AdditionalProperties for vendor-specific (reasoning_effort, etc.).

Pipeline (`AsBuilder`)

chat = chat.AsBuilder()
    .UseFunctionInvocation()
    .UseLogging(loggerFactory)
    .UseOpenTelemetry(sourceName: "Application", configure: c => c.EnableSensitiveData = false)
    .UseDistributedCache(cache)
    .Build();

Each Use* returns a new builder; Build() produces the final IChatClient.

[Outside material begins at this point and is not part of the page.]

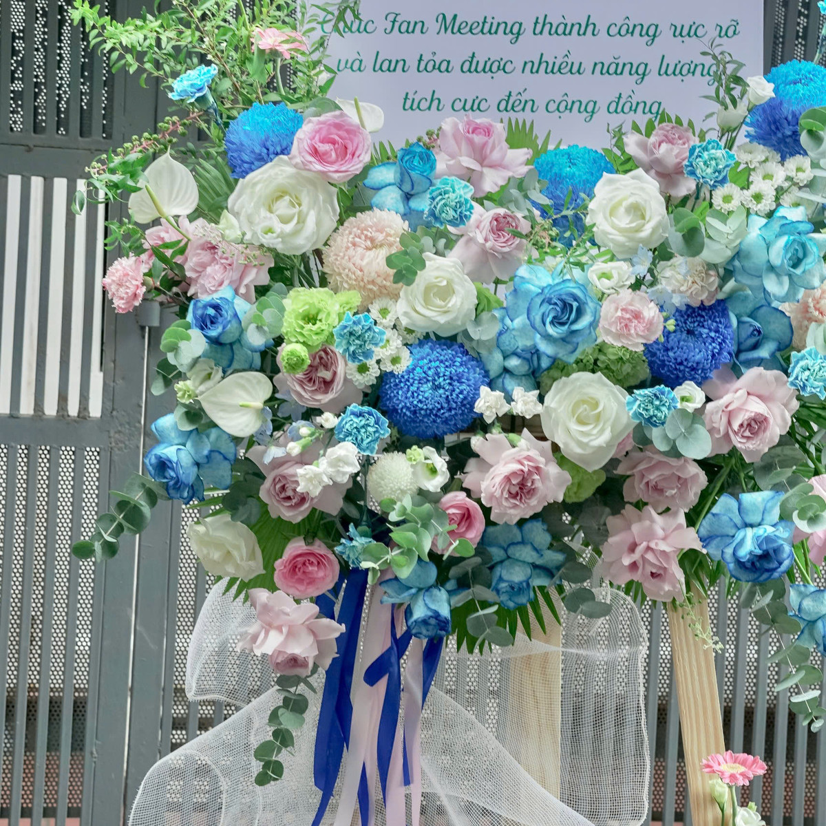 Kệ hoa trang chúc mừng sang trọng tone xanh dương là lựa chọn hoàn hảo để gửi gắm những lời chúc tốt đẹp đến người thân yêu trong những dịp đặc biệt. Màu xanh dương tươi mát không chỉ mang lại cảm giác bình yên mà còn thể hiện sự tươi mới và hy vọng cho tương lai.

Pipeline executes outside-in:

Caller → DistCache → OpenTelemetry → Logging → FunctionInvocation → underlying
                                                                  ←

Function calling

[Description("Gets the current weather for a city")]
async Task<Weather> GetWeather([Description("City name")] string city, CancellationToken ct = default)
{
    var w = await _service.GetAsync(city, ct);
    return new Weather(w.Temp, w.Condition);
}

// Use:
var resp = await chat.GetResponseAsync(
    "What's the weather in Seattle?",
    new ChatOptions { Tools = [AIFunctionFactory.Create(GetWeather)] });

UseFunctionInvocation() middleware: 1. Sees the LLM's tool-call response. 2. Dispatches to the .NET method. 3. Adds tool result to messages. 4. Calls LLM again. 5. Returns final answer.

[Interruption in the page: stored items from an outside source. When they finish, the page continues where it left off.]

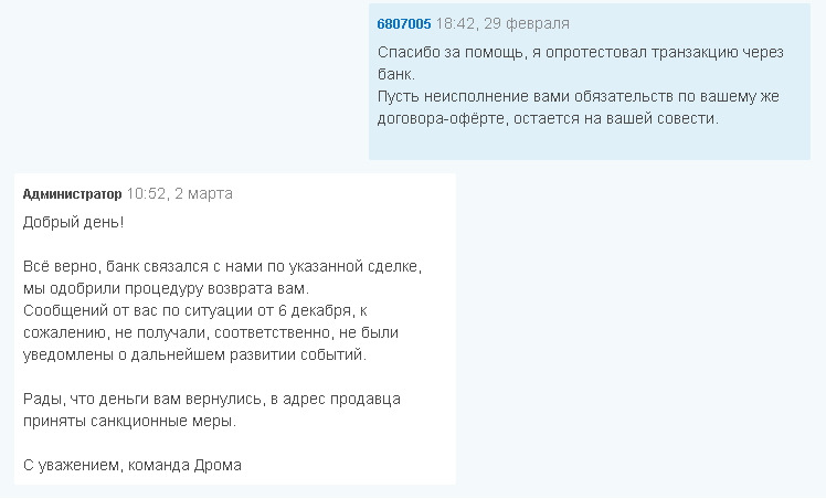 Я скорее всего не прекращу пользоваться услугами drom.ru(им нет альтернатив на рынке деталей для рисовозок) и продавца(у него самые дешевые цены на drom.ru), но теперь понимаю что попытки решать что-то с ними — бесперспективное занятие. И да, плюсы защищенной сделки в том что диспут можно открыть, т.к. транзакция идет через платежную систему.
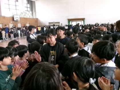 あらためて、全校児童で集まって楽しく過ごす集会のよさ、大切さを実感したひとときでした。とても心があたたまる素敵な会でした。顔を見る、伝え合う、触れあう、ってこんなに感動するんだ、と思いました。子どもたちの心にあたたかいものが残ったと思います。
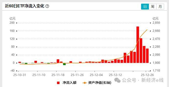 具体来看,跨境ETF中,富国中证港股通互联网ETF共获得570.73亿元净流入,与其他产品大幅拉开差距;随后的工银国证港股通科技ETF、汇添富国证港股通创新药ETF、汇添富国证港股通创新药ETF等5只产品在年内的资金净流入也超过200亿元。而在商品型ETF中,华安黄金ETF独占鳌头,年内获得净流入417.05亿元;其次的国泰黄金ETF、博时黄金ETF和易方达黄金ETF在年内的净流入也超过100亿元。

Multiple iterations until LLM stops calling tools.

Function from instance methods

public class Calculator
{
    [Description("Adds two numbers")]
    public int Add(int a, int b) => a + b;
}

new ChatOptions
{
    Tools = [AIFunctionFactory.Create(_calculator.Add)]
};

DI registration

builder.Services.AddSingleton<IChatClient>(sp =>
{
    var client = new OpenAIClient(apiKey).AsChatClient("gpt-4o-mini");
    return client.AsBuilder()
        .UseFunctionInvocation()
        .UseLogging(sp.GetRequiredService<ILoggerFactory>())
        .UseOpenTelemetry()
        .UseDistributedCache(sp.GetRequiredService<IDistributedCache>())
        .Build();
});

Or named clients via keyed services for multi-provider setups.

ChatMessage content

new ChatMessage(ChatRole.User, [
    new TextContent("Describe this image:"),
    new DataContent(imageBytes, "image/jpeg"),
    new UriContent(imageUri, "image/jpeg")
]);

Multimodal supported.

Function call control

new ChatOptions
{
    Tools = [...],
    ToolMode = ChatToolMode.Auto,    // LLM decides
    // ChatToolMode.RequireAny       // must call a tool
    // ChatToolMode.RequireSpecific("name")
    // ChatToolMode.None             // disable
};

Custom middleware

public class RetryChatClient(IChatClient inner, int maxRetries) : DelegatingChatClient(inner)
{
    public override async Task<ChatResponse> GetResponseAsync(...)
    {
        for (int i = 0; i <= maxRetries; i++)
        {
            try { return await base.GetResponseAsync(...); }
            catch (Exception ex) when (i < maxRetries && IsTransient(ex)) { /* retry */ }
        }
    }
}

// Use
chat = chat.AsBuilder().Use(c => new RetryChatClient(c, 3)).Build();

DelegatingChatClient gives you the wrap pattern.

Error handling

try { var r = await chat.GetResponseAsync(messages); }
catch (HttpRequestException) { /* network */ }
catch (TaskCanceledException) { /* timeout */ }

For provider-specific exceptions, check inner exceptions.

Senior considerations

Always include OTel + logging for production.
Caching critical for cost (identical queries common in tests, RAG variants).
Function calling auto vastly simpler than manual JSON.
Wrap with Polly for retries/circuit breaker — pair with resilience handler.